Découvert tardivement à ma grande honte, Kon Ichikawa m'avait fait très forte impression avec "Feux dans la plaine" que je considère à très juste titre comme un chef-d'oeuvre bouleversant, nihiliste et par extension choquant. Le genre de film qui marque et qui fout un gros coup de rangers dans les roubignoles des films de guerre traditionnels qui ne montrent pas l'essence même de la guerre. Il était ainsi tout naturel de ne pas en rester là et de me confronter cette fois avec "La Vengeance d'un Acteur" dont la noirceur du synopsis m'attirait en bon aficionados d'oeuvres qui bousculent. Comme je m'y attendais, le niveau fut quelques crans en-dessous de ma première entrée dans son monde (extrêmement difficile de faire mieux en même temps) mais l'expérience fut loin d'être déplaisante. On tient véritablement un long-métrage audacieux dans sa mise en scène, dans la construction scénique et dans un style éloigné de toutes les conventions.

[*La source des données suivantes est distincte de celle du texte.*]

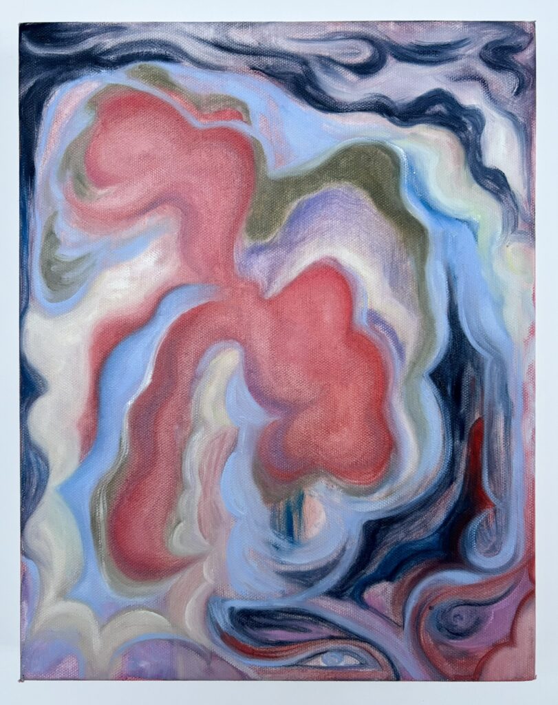 I draw much of my inspiration from the blend of urban sprawl and natural beauty. The coexistence of these two forces demonstrates a complex, sometimes tension-filled harmony. The ceaseless expansion of urban environments collides with the organic unpredictability of the natural world. In my work, I seek to reflect on this collision and how it relates to the human condition. My vibrant, abstract compositions evoke the spaces of our physical environments and the sensations of our inner worlds. Swirling brushstrokes create landscapes that are alive and ever-evolving, recalling the turbulence and unpredictability found in natural and built environments, and within the complexities of the human experience. Through painting, I am less concerned with representing the physical world and more interested in capturing the essence of our inner experiences, fleeting moments, and the intangible forces that shape our lives. My expressive oil paintings often feature forms within the confines of a maximalist environment. These forms twist and turn into each other, pushing the boundaries of and adapting to the spaces in which they exist, sometimes becoming fully engulfed by their environments. These landscapes are as mutable and fluid as the emotions and experiences they represent. Figurative elements alluding to the human form convey a narrative evoking personal themes of loss and growth, vulnerability, isolation, and the drive to persevere, ultimately celebrating the resilience of the human spirit.
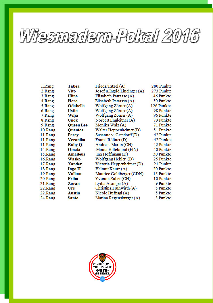 Unsere Zuchtstätte hat bei der Vergabe des VSSÖ-Züchter-Cups den 3. Rang erreicht.

Ceci tenant en deux points. L'épicentre est indubitablement cette absence de toute fracture entre monde réel et monde du théâtre où tout est factice. Dans le cas présent, Ichikawa se joue des faux-semblants, n'émancipe jamais le personnage de sa condition d'acteur tourmenté. Il est prisonnier de ses chaînes comme s'il était éternellement condamné à vivre dans un univers de rideaux et de décors artificiels. Outre Yukinojo constamment grimé de maquillage, la topologie renvoie au théâtre. Les exemples les plus criants sont ces combats au sabre, cette fuite éperdue en pleine obscurité et tout ce qui se déroule autour d'un lac. Rien ne semble réel, comme si finalement l'histoire de cette figure vengeresse ne se désolidarisait pas de l'imagerie théâtrale en vase clos.
Secundo, un point qui m'a assez plu est que les conventions volent en éclat concernant l'aspect de Yukinojo interprétant des rôles féminins. Efféminé, fragile et sensible, ce que certains verront comme un fardeau pour son combat et sa survie dans un monde impitoyable où l'on assassine pour un rien ou menons à la perte des gens lui porte tout sauf préjudice. Sous son masque de garçon attristé se cache les noirs desseins d'un homme dominé par la haine ne faisant de cadeau à personne, manipulant à sa guise ses proies devenues de pathétiques marionnettes.
Malgré ses avantages qui le rendent plutôt en avance sur son temps (avec la présence toujours aussi vénéneuse et pourtant touchante de la sublime Ayao Wakao), j'avoue avoir tiré un peu la moue sur une histoire construite de manière inutilement complexe alors que les objectifs sont finalement d'une simplicité notable.